→ Exercise:
Would you print, word for word, only the lines running from the line with "企业可自主编辑产品的类型、名" to the last line of the entries, without the pictures?

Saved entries
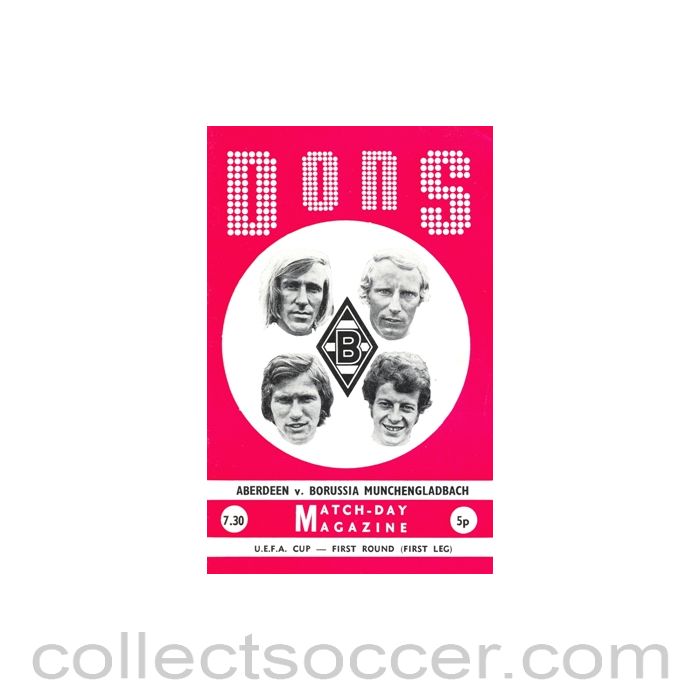 Aberdeen v Borussia Munchengladbach official programme Season 1972-73, in very good condition, score and team changes in pen on the back.
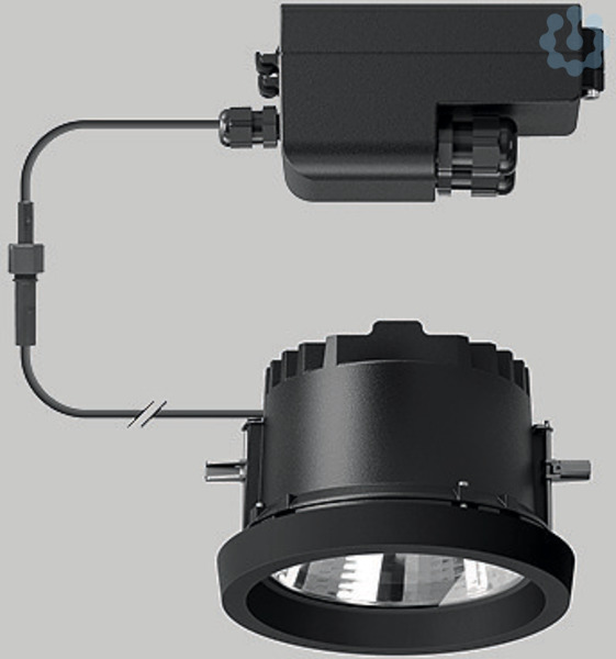 BEGA Deckeneinbau-Tiefstrahler 24261K4. Asymmetrische Lichtstärkeverteilung. LED, 13,2 W Leuchten-Anschlussleistung, Leuchten-Lichtstrom 1122 lm, Halbstreuwinkel 63/64°, Farbtemperatur 4000 K. Farbwiedergabeindex (CRI) > 80. Mit austauschbarem BEGA LED-Modul mit Übertemperaturschutz und einer Lebenserwartung von mindestens 50.000 Betriebsstunden. 20-jährige Nachliefergarantie auf das LED-Modul und die Verschleißteile. Mit LED-Netzteil, DALI steuerbar, 220-240 V, 0/50-60 Hz im externen Gehäuse. Schutzart IP 65, Schutzklasse II. Leuchte aus Aluminiumguss, Aluminium und Edelstahl. Abschlussring aus Aluminiumguss, Farbe Grafit. Sicherheitsglas mattiert. Optische Silikonlinse. Reflektoroberfläche aus eloxiertem Reinstaluminium. 2 Leitungsverschraubungen mit Zugentlastung zur Durchverdrahtung der Netzanschlussleitung von ø 4-10 mm, max. 5 x 1,5 qmm. 0,7 m Verbindungsleitung zwischen Leuchte und Netzteil. Abmessungen Ø 145 x 90 mm. Leuchte für den Einbau in eine Einbauöffnung mit den Abmessungen Ø 128 x 100 mm oder in das Einbaugehäuse 10441.
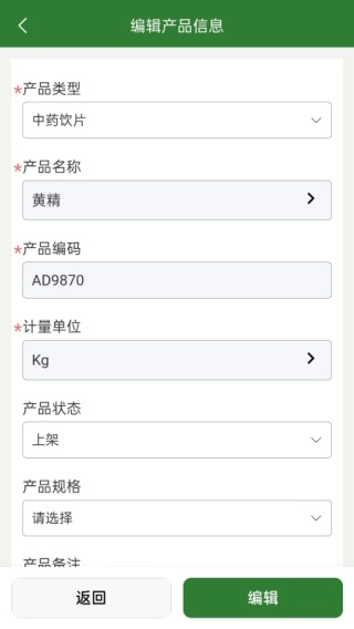 企业可自主编辑产品的类型、名称、编码、规格等信息,自行设置上架状态,轻松实现产品数据的高效管理。
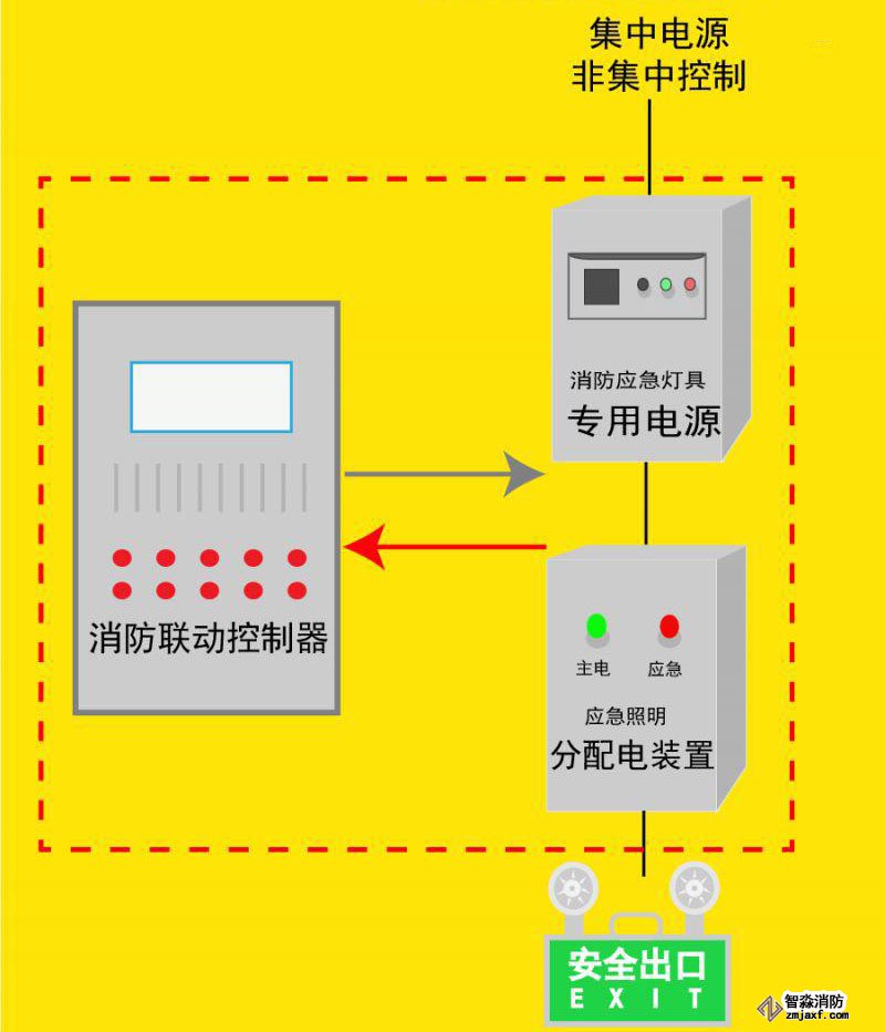 (3)集中電源非集中控制系統(tǒng)應由消防聯(lián)動控制器聯(lián)動應急照明集中電源和應急照明分配電裝置實現(xiàn)。
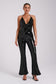The WILMA are a pair of sparkling wide-legged pants with a high waistline and flared hems. An invisible zipper closure at the side seam gives it a sleek, seamless silhouette. The legs transition into a flattering bootcut that complements its high, fitted waist. Lined sequinned fabrication adds a touch of comfortable glam, making these pants the perfect choice for all-night wear.

→ Expected answer:
 企业可自主编辑产品的类型、名称、编码、规格等信息,自行设置上架状态,轻松实现产品数据的高效管理。
 (3)集中電源非集中控制系統(tǒng)應由消防聯(lián)動控制器聯(lián)動應急照明集中電源和應急照明分配電裝置實現(xiàn)。
The WILMA are a pair of sparkling wide-legged pants with a high waistline and flared hems. An invisible zipper closure at the side seam gives it a sleek, seamless silhouette. The legs transition into a flattering bootcut that complements its high, fitted waist. Lined sequinned fabrication adds a touch of comfortable glam, making these pants the perfect choice for all-night wear.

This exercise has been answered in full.